Integrale aanpak brengt doelen dichterbij
Het realiseren van de doelen voor waterkwaliteit is sterk afhankelijk van andere beleidsdomeinen, zoals de landbouw, industrie en huishoudens. De verantwoordelijkheden voor waterkwaliteit zijn daarmee verdeeld over een groot aantal partijen, waardoor soms gemeenschappelijke doelenkaders ontbreken. Dat vraagt om meer coördinatie, afstemming en integratie van het waterbeleid in ander beleid en om een duidelijke verdeling van verantwoordelijkheden tussen Rijk, provincies, waterschappen en gemeenten.

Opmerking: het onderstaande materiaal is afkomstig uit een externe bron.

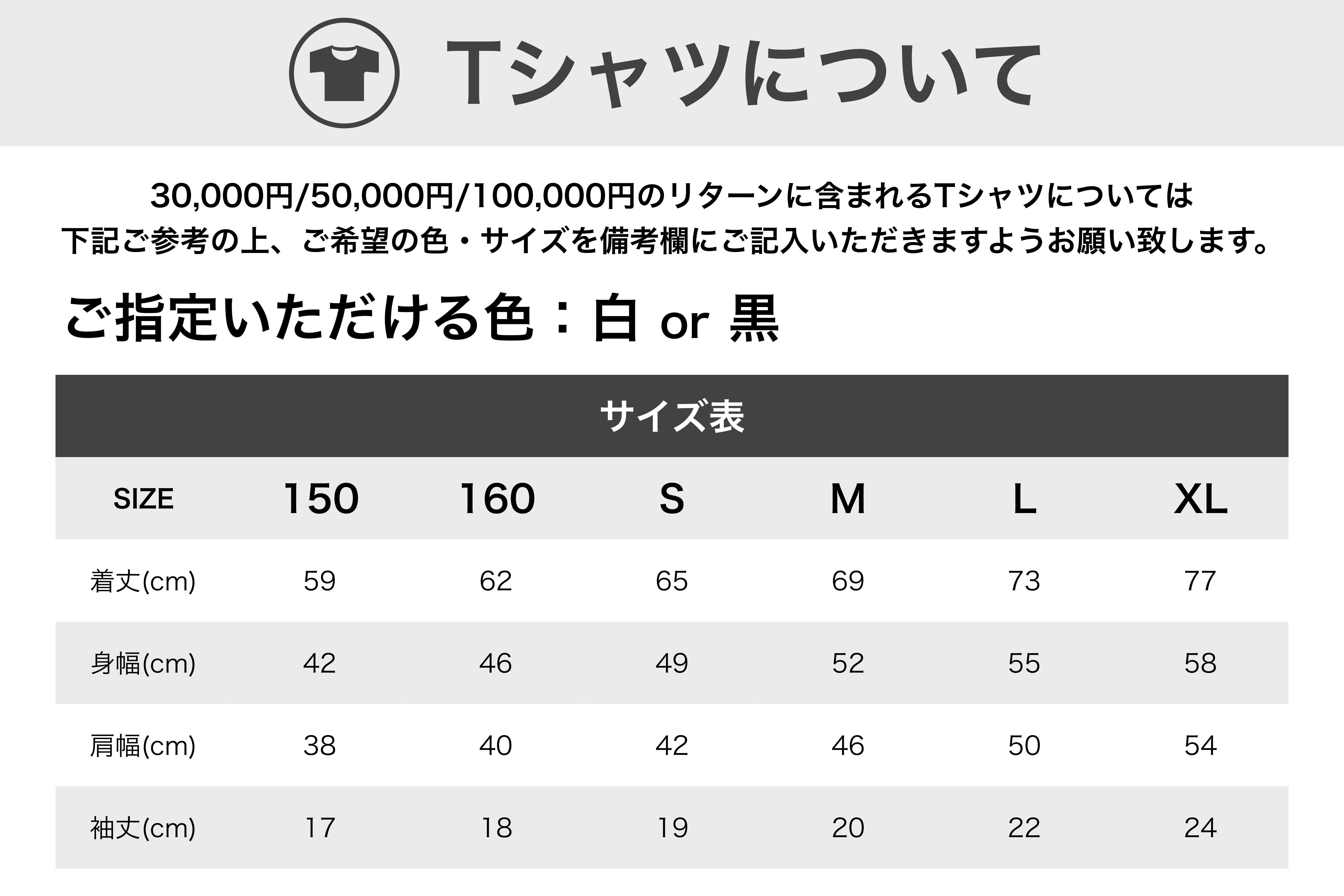 ※以下は30,000円/50,000円/100,000円コースのTシャツに関するご案内となります。
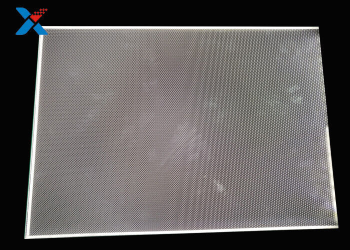 La placa de guía ligera se hace del acrílico óptico del grado, y después utiliza los materiales de alta tecnología con el índice de refracción extremadamente alto y ninguna absorción de la luz. La impresión de tecnología imprime puntos de la guía ligera. La hoja de acrílico del óptico-grado se utiliza para absorber la luz emitida de la lámpara y para permanecer en la superficie de la hoja de acrílico del óptico-grado. Cuando la luz golpea cada punto de la guía ligera, la luz reflejada se separará a todos los ángulos, y después destruirá las condiciones de la reflexión y será emitida de delante de la placa de guía ligera. A través de diversos puntos de la guía ligera de la diversos densidad y tamaño, la placa de guía ligera se puede hacer para emitir la luz uniformemente. El propósito de la hoja reflexiva es reflejar la luz expuesta en el fondo nuevamente dentro de la placa de guía ligera para mejorar la eficacia del uso de la luz; bajo condición de la misma área del brillo luminoso, la eficacia luminosa es alta y el consumo de energía es bajo. La placa de guía ligera de un sólo lado del arsenal de la microestructura adopta generalmente el proceso de fabricación del moldeado de protuberancia.

Effecten coronacrisis onzeker
De analyses waarop dit rapport is gebaseerd zijn uitgevoerd in de periode voor februari 2020, voordat de omvang van de coronacrisis zich ten volle ontvouwde. In deze analyses is geen rekening gehouden met de coronacrisis en de economische recessie die daar waarschijnlijk uit volgt. De impact van een mogelijke recessie op de implementatie van waterkwaliteitsmaatregelen verschilt, en is uiteraard ook afhankelijk van het tempo van economisch herstel dat daarop zal volgen.